(Beginning of Information shown)
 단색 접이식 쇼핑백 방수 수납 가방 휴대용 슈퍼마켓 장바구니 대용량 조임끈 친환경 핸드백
(End of Information shown)
(Beginning of Information shown)
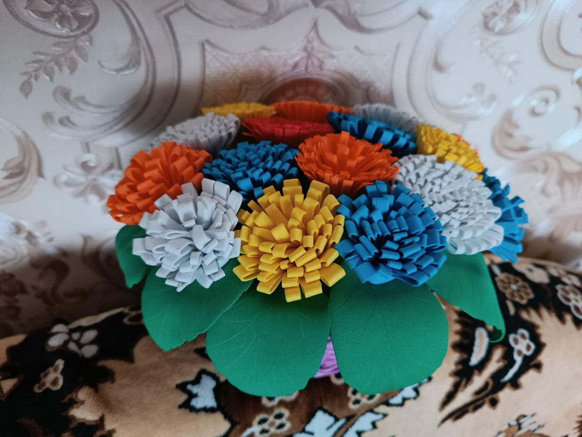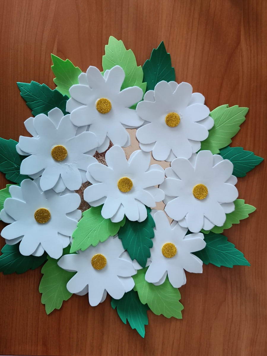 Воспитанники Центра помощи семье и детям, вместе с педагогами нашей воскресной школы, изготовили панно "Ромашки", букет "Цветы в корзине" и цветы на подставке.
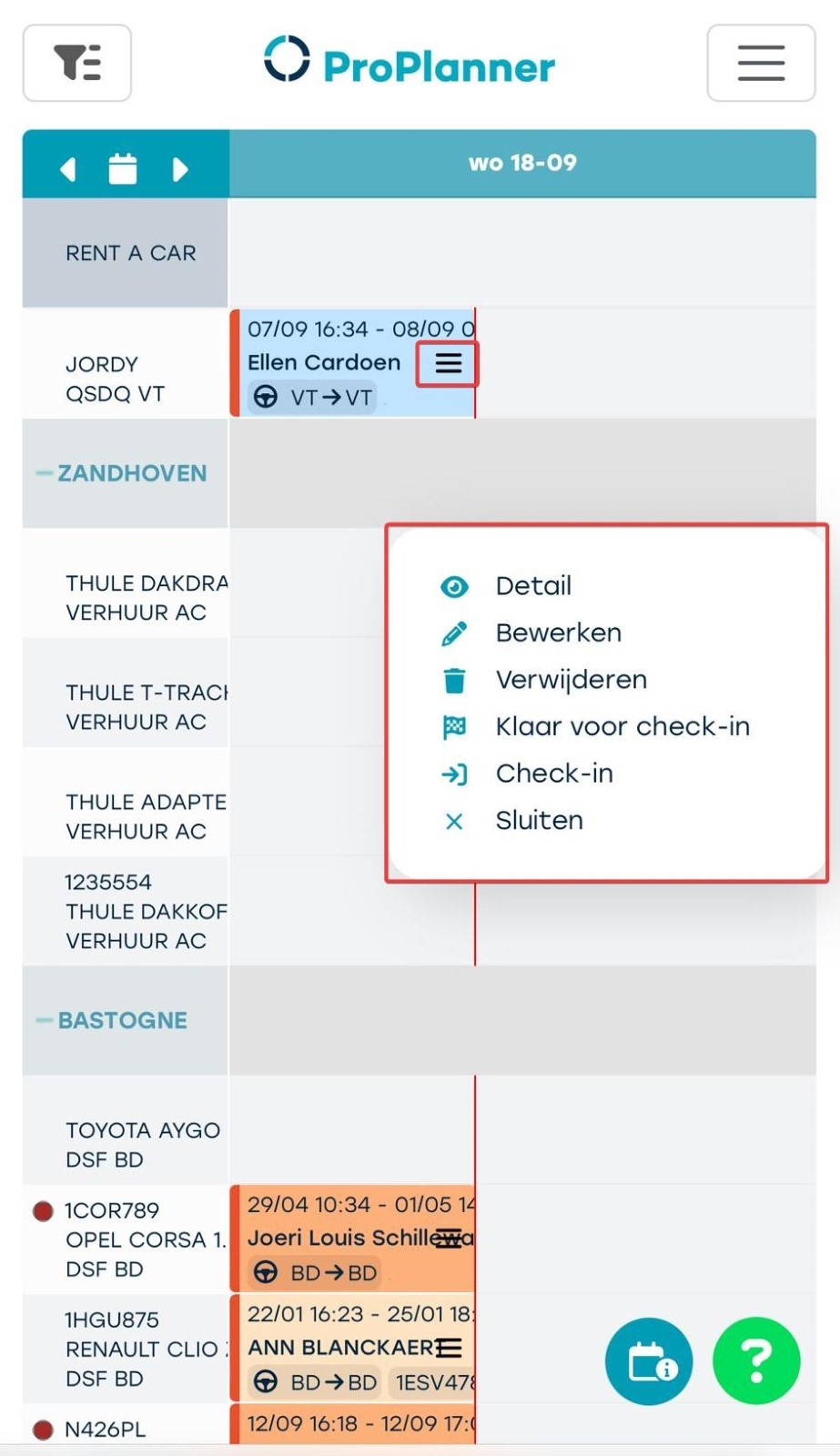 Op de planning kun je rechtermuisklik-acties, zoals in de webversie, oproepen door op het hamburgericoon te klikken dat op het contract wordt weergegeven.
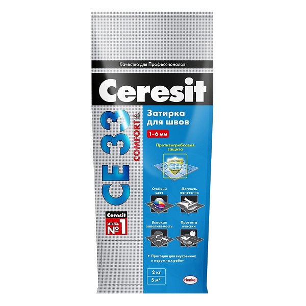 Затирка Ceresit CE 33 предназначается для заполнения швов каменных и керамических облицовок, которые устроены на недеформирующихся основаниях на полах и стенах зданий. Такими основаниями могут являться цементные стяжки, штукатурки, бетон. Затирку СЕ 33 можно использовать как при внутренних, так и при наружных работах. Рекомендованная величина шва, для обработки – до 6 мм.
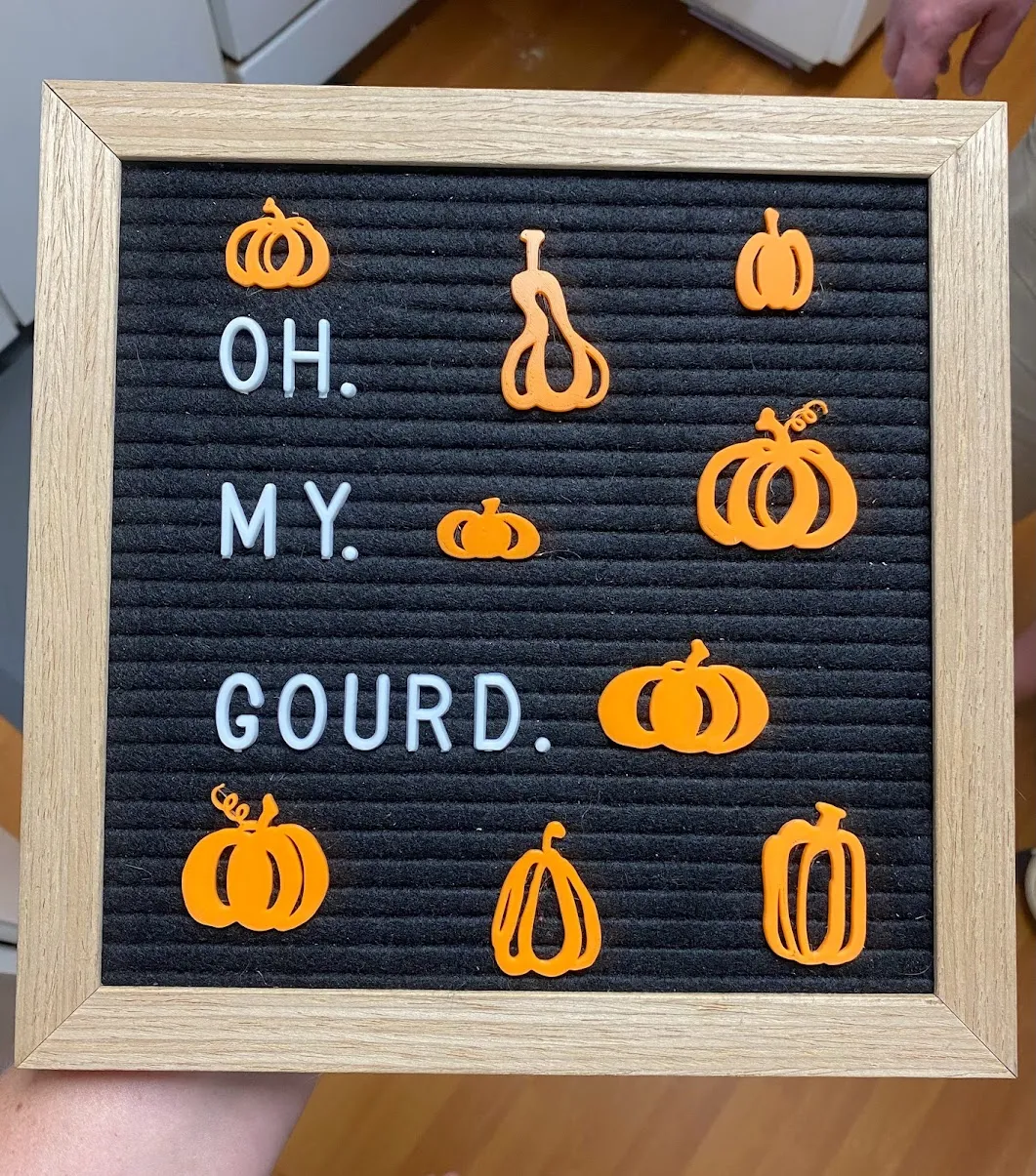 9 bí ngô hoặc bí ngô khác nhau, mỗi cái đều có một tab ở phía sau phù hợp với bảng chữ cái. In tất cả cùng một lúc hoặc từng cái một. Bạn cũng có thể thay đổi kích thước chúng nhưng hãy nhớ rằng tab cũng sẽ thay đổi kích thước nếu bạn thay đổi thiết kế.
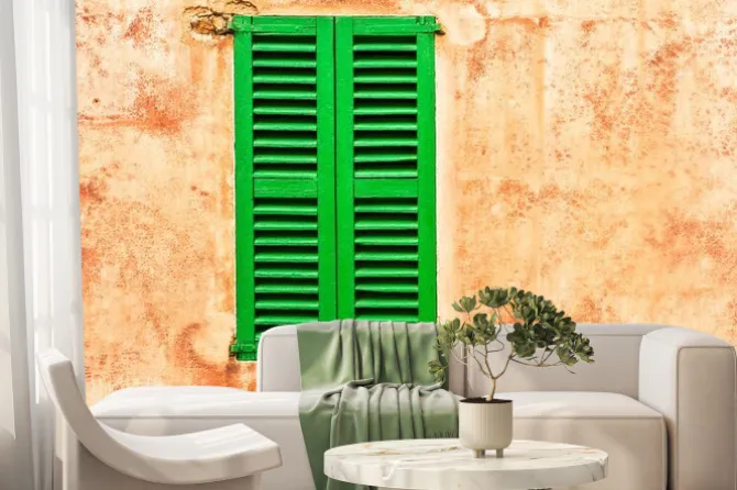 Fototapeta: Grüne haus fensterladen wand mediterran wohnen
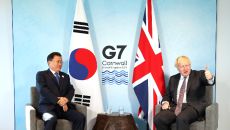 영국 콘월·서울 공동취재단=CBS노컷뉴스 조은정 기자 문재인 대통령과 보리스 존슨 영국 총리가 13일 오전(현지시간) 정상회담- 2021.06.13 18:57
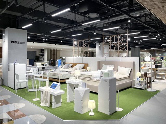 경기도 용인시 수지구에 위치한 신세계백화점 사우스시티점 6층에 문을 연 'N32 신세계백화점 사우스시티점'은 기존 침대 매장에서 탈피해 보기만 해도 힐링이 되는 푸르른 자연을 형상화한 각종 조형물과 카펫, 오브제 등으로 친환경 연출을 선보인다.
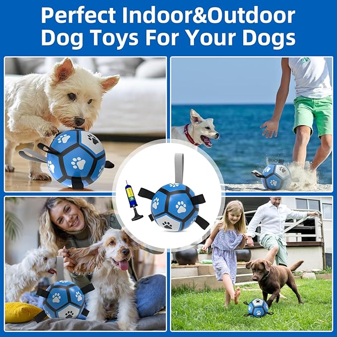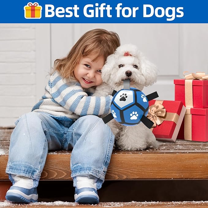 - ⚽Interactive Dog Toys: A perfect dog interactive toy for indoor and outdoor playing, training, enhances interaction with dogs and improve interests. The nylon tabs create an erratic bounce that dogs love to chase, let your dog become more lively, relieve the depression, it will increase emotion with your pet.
(End of Information shown)
> [What this task involves] Output exactly the lines above that lie between the line with "Воспитанники Центра помощи" and the line with "경기도 용인시 수지구에", those two lines included, and no pictures.

> [Written reply]
 Воспитанники Центра помощи семье и детям, вместе с педагогами нашей воскресной школы, изготовили панно "Ромашки", букет "Цветы в корзине" и цветы на подставке.
 Op de planning kun je rechtermuisklik-acties, zoals in de webversie, oproepen door op het hamburgericoon te klikken dat op het contract wordt weergegeven.
 Затирка Ceresit CE 33 предназначается для заполнения швов каменных и керамических облицовок, которые устроены на недеформирующихся основаниях на полах и стенах зданий. Такими основаниями могут являться цементные стяжки, штукатурки, бетон. Затирку СЕ 33 можно использовать как при внутренних, так и при наружных работах. Рекомендованная величина шва, для обработки – до 6 мм.
 9 bí ngô hoặc bí ngô khác nhau, mỗi cái đều có một tab ở phía sau phù hợp với bảng chữ cái. In tất cả cùng một lúc hoặc từng cái một. Bạn cũng có thể thay đổi kích thước chúng nhưng hãy nhớ rằng tab cũng sẽ thay đổi kích thước nếu bạn thay đổi thiết kế.
 Fototapeta: Grüne haus fensterladen wand mediterran wohnen
 영국 콘월·서울 공동취재단=CBS노컷뉴스 조은정 기자 문재인 대통령과 보리스 존슨 영국 총리가 13일 오전(현지시간) 정상회담- 2021.06.13 18:57
 경기도 용인시 수지구에 위치한 신세계백화점 사우스시티점 6층에 문을 연 'N32 신세계백화점 사우스시티점'은 기존 침대 매장에서 탈피해 보기만 해도 힐링이 되는 푸르른 자연을 형상화한 각종 조형물과 카펫, 오브제 등으로 친환경 연출을 선보인다.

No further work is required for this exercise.